* [REQUIREMENT]
Copy out the entries below exactly as they stand, but only from the line containing "Unsere modularen Badezimmermöbel" through the line containing "한경은 17일 자신의".

* [INPUT DATA]
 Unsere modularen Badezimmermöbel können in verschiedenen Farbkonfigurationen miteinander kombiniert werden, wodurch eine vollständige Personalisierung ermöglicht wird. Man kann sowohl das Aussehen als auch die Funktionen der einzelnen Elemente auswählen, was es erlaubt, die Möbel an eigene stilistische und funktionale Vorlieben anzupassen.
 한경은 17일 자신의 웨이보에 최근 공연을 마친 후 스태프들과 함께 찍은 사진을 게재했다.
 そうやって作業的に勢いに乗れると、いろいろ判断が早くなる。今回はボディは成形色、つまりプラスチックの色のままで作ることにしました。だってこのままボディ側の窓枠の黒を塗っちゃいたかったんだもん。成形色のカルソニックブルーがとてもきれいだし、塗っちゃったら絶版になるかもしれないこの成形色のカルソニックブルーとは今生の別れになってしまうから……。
==
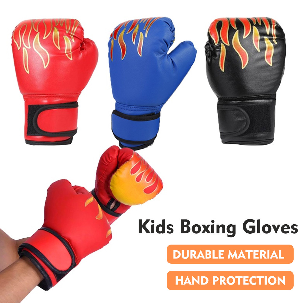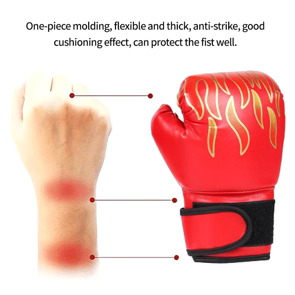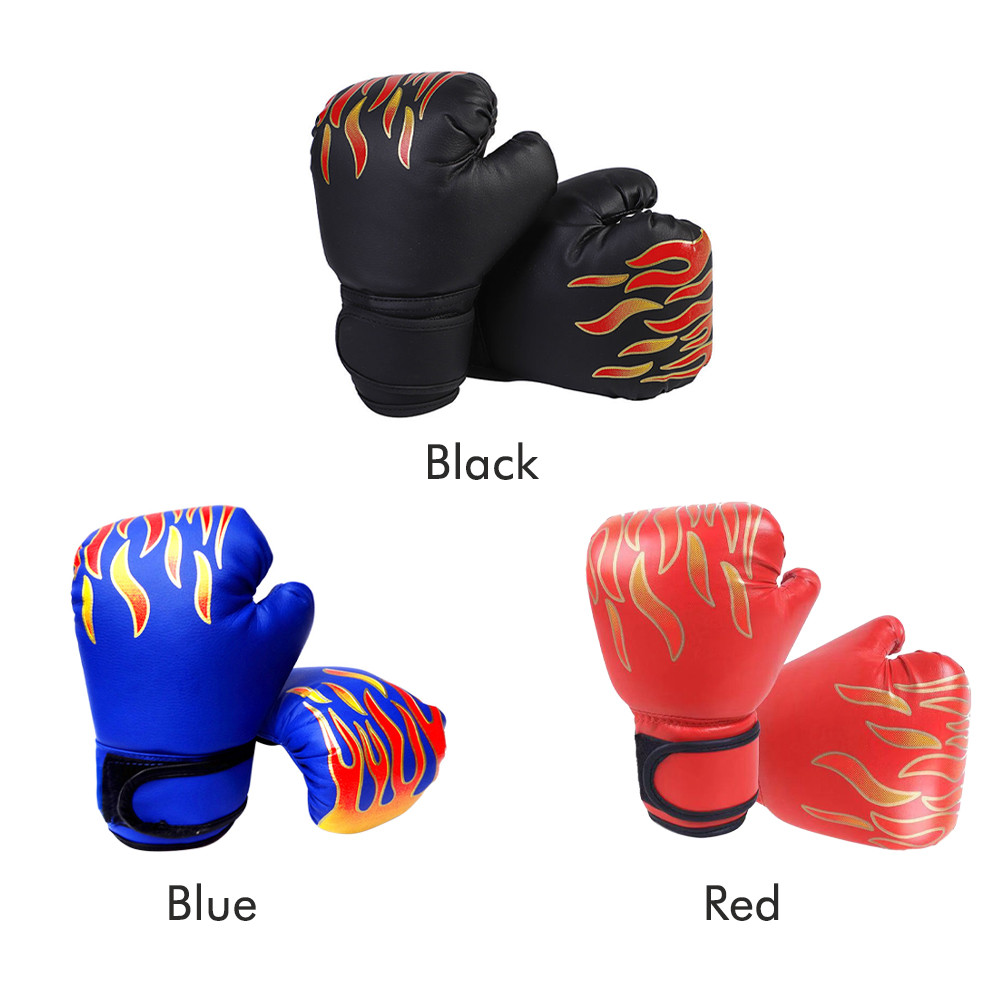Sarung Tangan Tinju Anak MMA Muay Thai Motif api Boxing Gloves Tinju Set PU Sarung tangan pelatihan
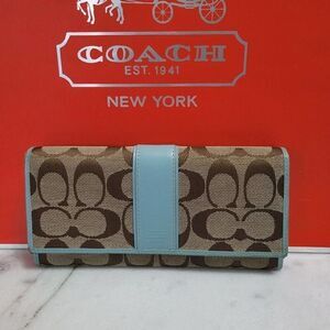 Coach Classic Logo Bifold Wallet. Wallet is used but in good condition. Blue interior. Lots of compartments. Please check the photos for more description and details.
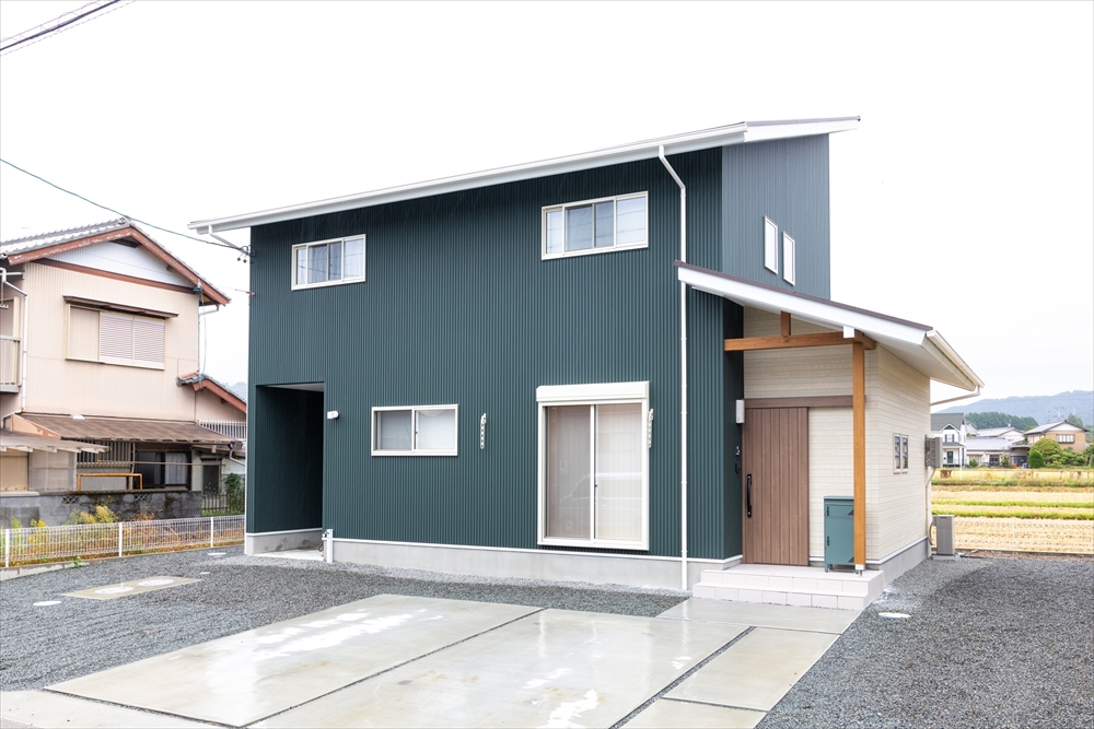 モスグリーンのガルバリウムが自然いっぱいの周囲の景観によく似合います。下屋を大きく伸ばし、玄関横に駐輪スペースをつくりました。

* [RESPONSE BOX]
 Unsere modularen Badezimmermöbel können in verschiedenen Farbkonfigurationen miteinander kombiniert werden, wodurch eine vollständige Personalisierung ermöglicht wird. Man kann sowohl das Aussehen als auch die Funktionen der einzelnen Elemente auswählen, was es erlaubt, die Möbel an eigene stilistische und funktionale Vorlieben anzupassen.
 한경은 17일 자신의 웨이보에 최근 공연을 마친 후 스태프들과 함께 찍은 사진을 게재했다.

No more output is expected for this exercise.